EXERCISE: Starting from the line that holds "Foto 1: Rincón", output exactly each line through the end of the listing. Do not copy pictures.

BEGIN

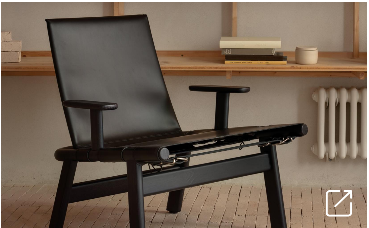
Sillón TREK por Anderssen&Voll Studio | VERGÉS
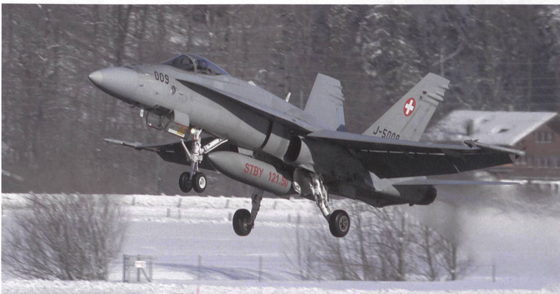
1993 waren es die Schützen, die dem F/A-18 zum Durchbruch verhalfen; wie auch den Waffenplätzen.
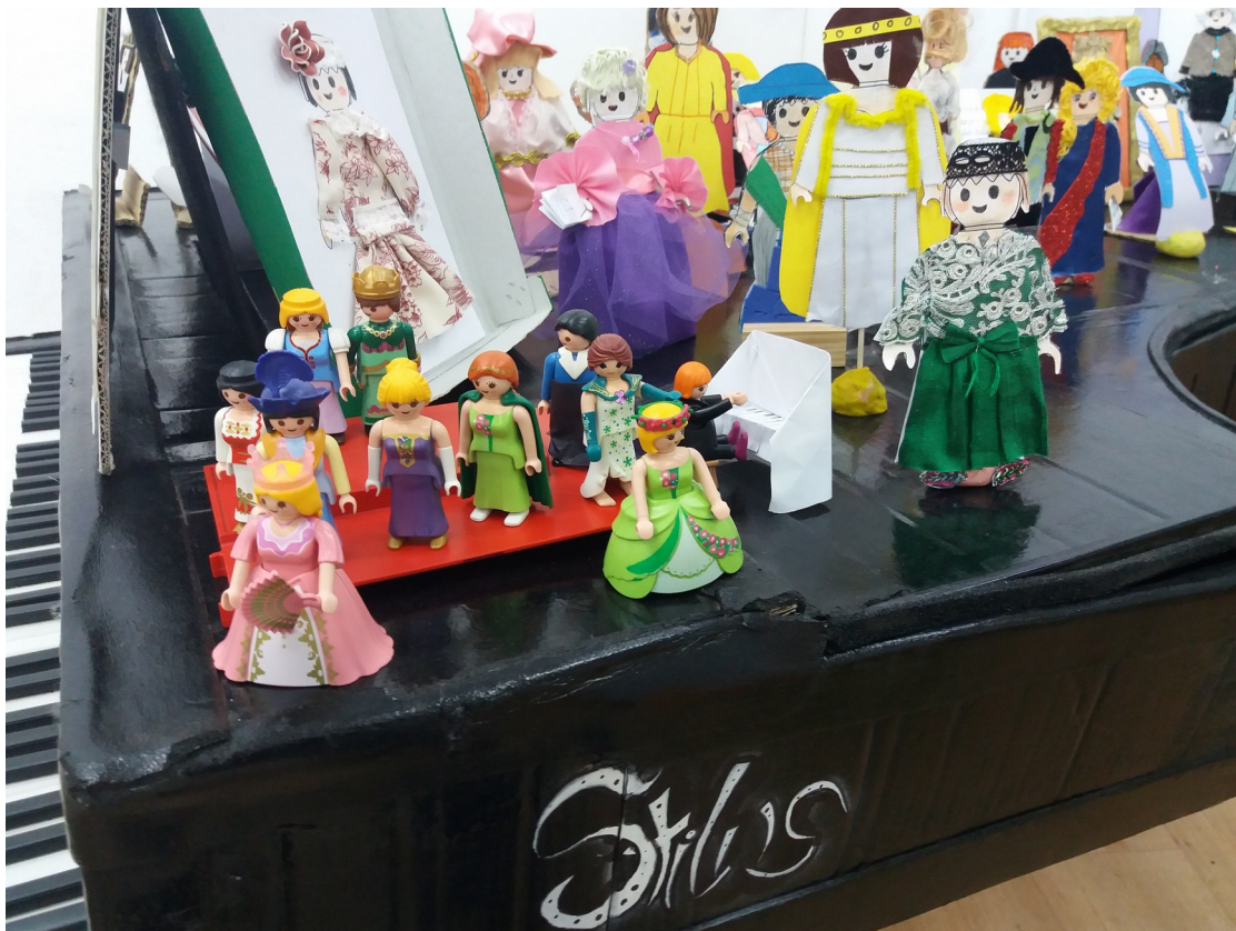
Foto 1: Rincón de la música en la exposición del CEIP Antonio Machado
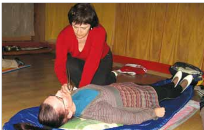
Práce s ladičkou
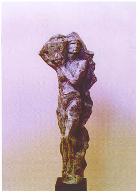
1º Premio "Producto Vitivinícola" 1999

END

RESULT FOR THIS EXERCISE:
Foto 1: Rincón de la música en la exposición del CEIP Antonio Machado
Práce s ladičkou
1º Premio "Producto Vitivinícola" 1999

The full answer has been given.